I find the price of certain fans absolutely crazy, £20 for a fan is ridiculous. And that's why I like cougar fans, at half that price they are quiet and push a lot of air (so long as they are not on a radiator). Personally I would use as many fans as the case will take. Have 3 intake fans and one exhaust.


----------



## RCoon (Jan 12, 2015)

gilbertbridewell said:


> http://www.newegg.com/Product/Product.aspx?Item=N82E16819113286 for cpu and http://www.newegg.com/Product/Product.aspx?Item=N82E16813130754 for my mobo



Incompatible motherboard and processor. You need an AM3+ motherboard for FX processors. (FX 43xx, FX 63xx, FX 83xx)
The A88X motherboards are for FM2 processors. (6600K, 6800K, 860K, 7850K etc)

What's your budget? We have members that will gladly build a PC to spec for you using your preferred retailers. They make the cart contents and you just buy and fit it together.


----------



## gilbertbridewell (Jan 12, 2015)

Would you mind finding me a motherboard that goes with the proc cause i'm still a little clueless on that stuff also i prefer amd


----------



## RCoon (Jan 12, 2015)

gilbertbridewell said:


> Would you mind finding me a motherboard that goes with the proc cause i'm still a little clueless on that stuff also i prefer amd



http://www.newegg.com/Product/ProductList.aspx?Submit=ENE&N=100007625 600138080&IsNodeId=1&bop=And&Order=PRICED&PageSize=60
Take your pick of any on that page. I'm pretty manufacturer agnostic, I just buy based on RMA rates. Just don't buy a motherboard under $100, they tend not to be of the best quality. You're looking at a 990FX chipset

@BarbaricSoul and @ne6togadno are wizzards of the build


----------



## Cybrnook2002 (Jan 12, 2015)

Any particular reason the 6300? There are better AMD CPU's for around the ~$100 mark. (Like the FX 8320)

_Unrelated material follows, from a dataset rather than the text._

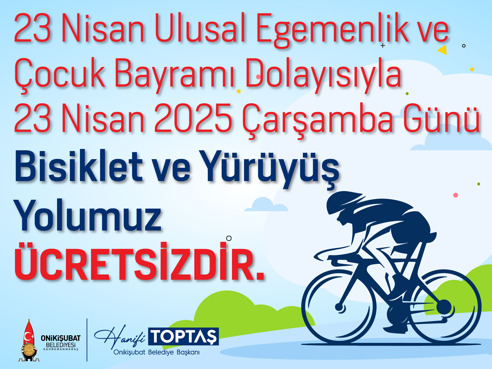 Onikişubat Belediyesi, 23 Nisan Ulusal Egemenlik ve Çocuk Bayramı dolayısıyla düzenleyeceği Çocuk Şenliği’ne ek olarak Bisiklet ve Yürüyüş Yolu’nu da bir günlüğüne ücretsiz hale getirdi.

This is a good 990fx MB that I can vouch for:

http://www.newegg.com/Product/Produ...cm_re=990fx_sabertooth-_-13-131-877-_-Product


----------



## gilbertbridewell (Jan 12, 2015)

RCoon said:


> http://www.newegg.com/Product/ProductList.aspx?Submit=ENE&N=100007625 600138080&IsNodeId=1&bop=And&Order=PRICED&PageSize=60
> Take your pick of any on that page. I'm pretty manufacturer agnostic, I just buy based on RMA rates. Just don't buy a motherboard under $100, they tend not to be of the best quality. You're looking at a 990FX chipset
> 
> @BarbaricSoul and @ne6togadno are wizzards of the build


http://www.newegg.com/Product/Product.aspx?Item=N82E16813130790 seems to be an eye catcher for me


----------



## CAPSLOCKSTUCK (Jan 12, 2015)

Take a step back

What is your budget ?
What are you going to use it for?

TPU members will probly overload you with suggestions


----------



## gilbertbridewell (Jan 12, 2015)

Also any recommendations for memory stick i'm looking for x2 2gb


----------



## RCoon (Jan 12, 2015)

gilbertbridewell said:


> http://www.newegg.com/Product/Product.aspx?Item=N82E16813130790 seems to be an eye catcher for me



I recommend 990FX over 970 chipsets. Simply more reliable. Yes I know the motherboard is shiny and has dragons, but the Extreme3 or Gigabyte UD3 might be more durable.



gilbertbridewell said:


> Also any recommendations for memory stick i'm looking for x2 2gb



Sure you don't want 2 x 4GB? 2 x 2GB is limiting yourself quite badly, and is often more difficult to source at reasonable prices.


----------



## rtwjunkie (Jan 12, 2015)

CAPSLOCKSTUCK said:


> Take a step back
> 
> What is your budget ?
> What are you going to use it for?
> ...


 
Awesome questions!  these are the two most important things to know when selecting system components.


----------



## gilbertbridewell (Jan 12, 2015)

CAPSLOCKSTUCK said:


> Take a step back
> 
> What is your budget ?
> What are you going to use it for?
> ...


My use for it will be gaming an i'm trying to stay around the 1,000 USD

I absolutely love gaming just not too  good with building them is why i resorted to here


----------



## CAPSLOCKSTUCK (Jan 12, 2015)

ready..... steady...... go   TPU   !!!


----------



## gilbertbridewell (Jan 12, 2015)

the main things i want are http://www.newegg.com/Product/Product.aspx?Item=N82E16811156302 for my case http://www.newegg.com/Product/Product.aspx?Item=N82E16817152055 for my power supply an http://www.newegg.com/Product/Product.aspx?Item=N82E16819113286 as my proc


----------



## RCoon (Jan 12, 2015)

That PSU is junk. Never cheap out on the PSU, it's the most important part of a PC.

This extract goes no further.